Assessing the Benchmarking Capacity of Machine Reading Comprehension Datasets
This work addresses the need for more precise benchmarking in machine reading comprehension, which is crucial for researchers and practitioners developing and evaluating language understanding systems, though it is incremental as it builds on existing dataset analysis.
The authors tackled the problem of evaluating the benchmarking capacity of machine reading comprehension datasets by proposing a semi-automated, ablation-based methodology, finding that on average, baseline model scores remained high (e.g., 89.2% and 78.5% of original) when key features were removed, indicating many questions do not require intended skills like grammatical reasoning.
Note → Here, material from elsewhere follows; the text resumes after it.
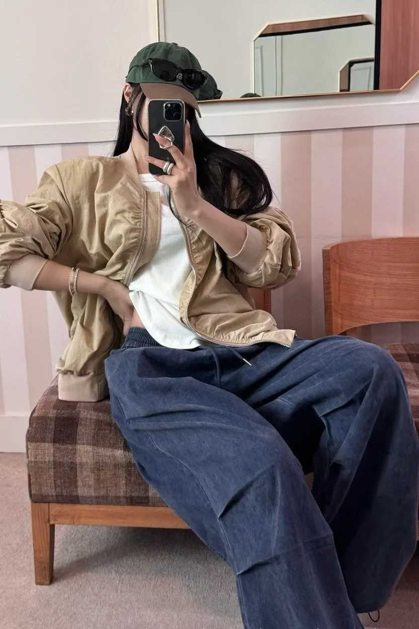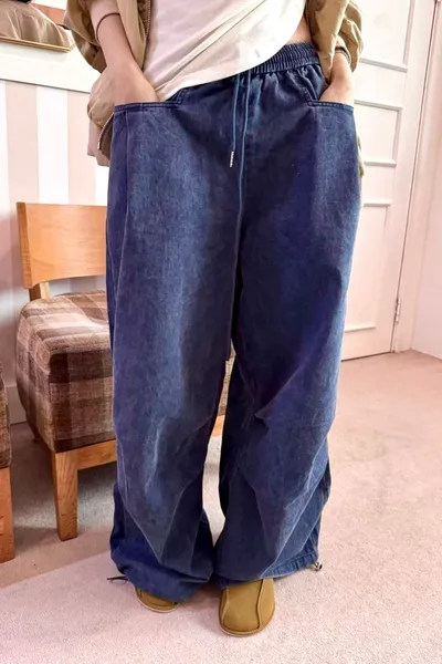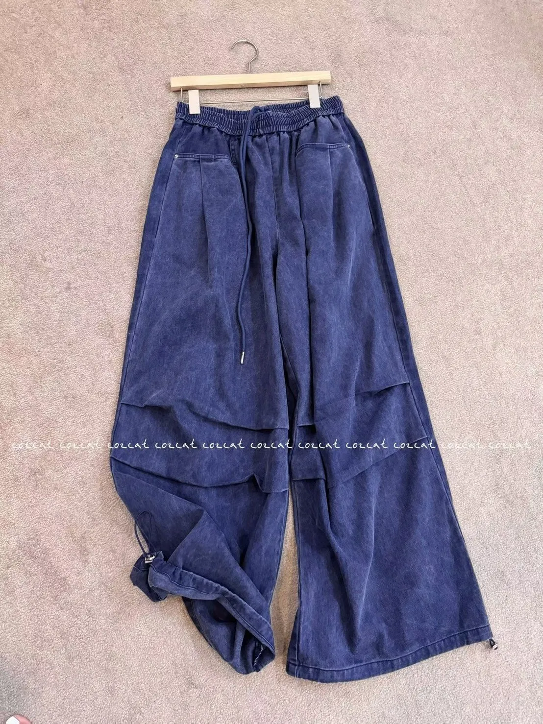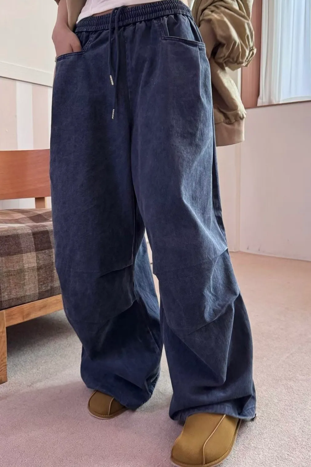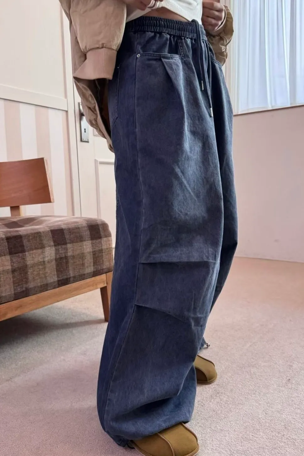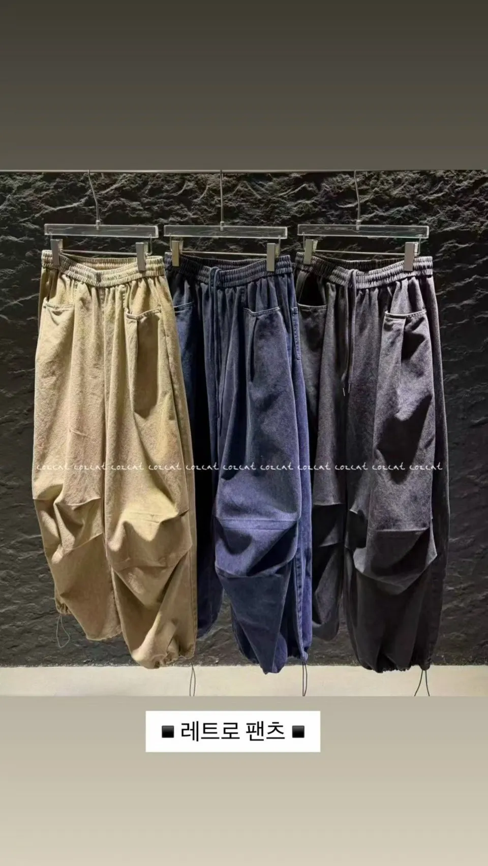 H273高磅鬆緊壓折闊腿褲(3色)
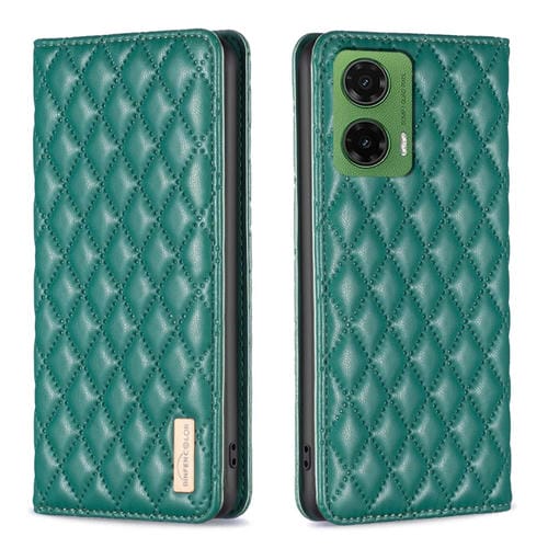 Funda de Cuero Magnética con Tapa Tipo Diamante para Motorola Moto G35 (Verde)

Existing analysis work in machine reading comprehension (MRC) is largely concerned with evaluating the capabilities of systems. However, the capabilities of datasets are not assessed for benchmarking language understanding precisely. We propose a semi-automated, ablation-based methodology for this challenge; By checking whether questions can be solved even after removing features associated with a skill requisite for language understanding, we evaluate to what degree the questions do not require the skill. Experiments on 10 datasets (e.g., CoQA, SQuAD v2.0, and RACE) with a strong baseline model show that, for example, the relative scores of a baseline model provided with content words only and with shuffled sentence words in the context are on average 89.2% and 78.5% of the original score, respectively. These results suggest that most of the questions already answered correctly by the model do not necessarily require grammatical and complex reasoning. For precise benchmarking, MRC datasets will need to take extra care in their design to ensure that questions can correctly evaluate the intended skills.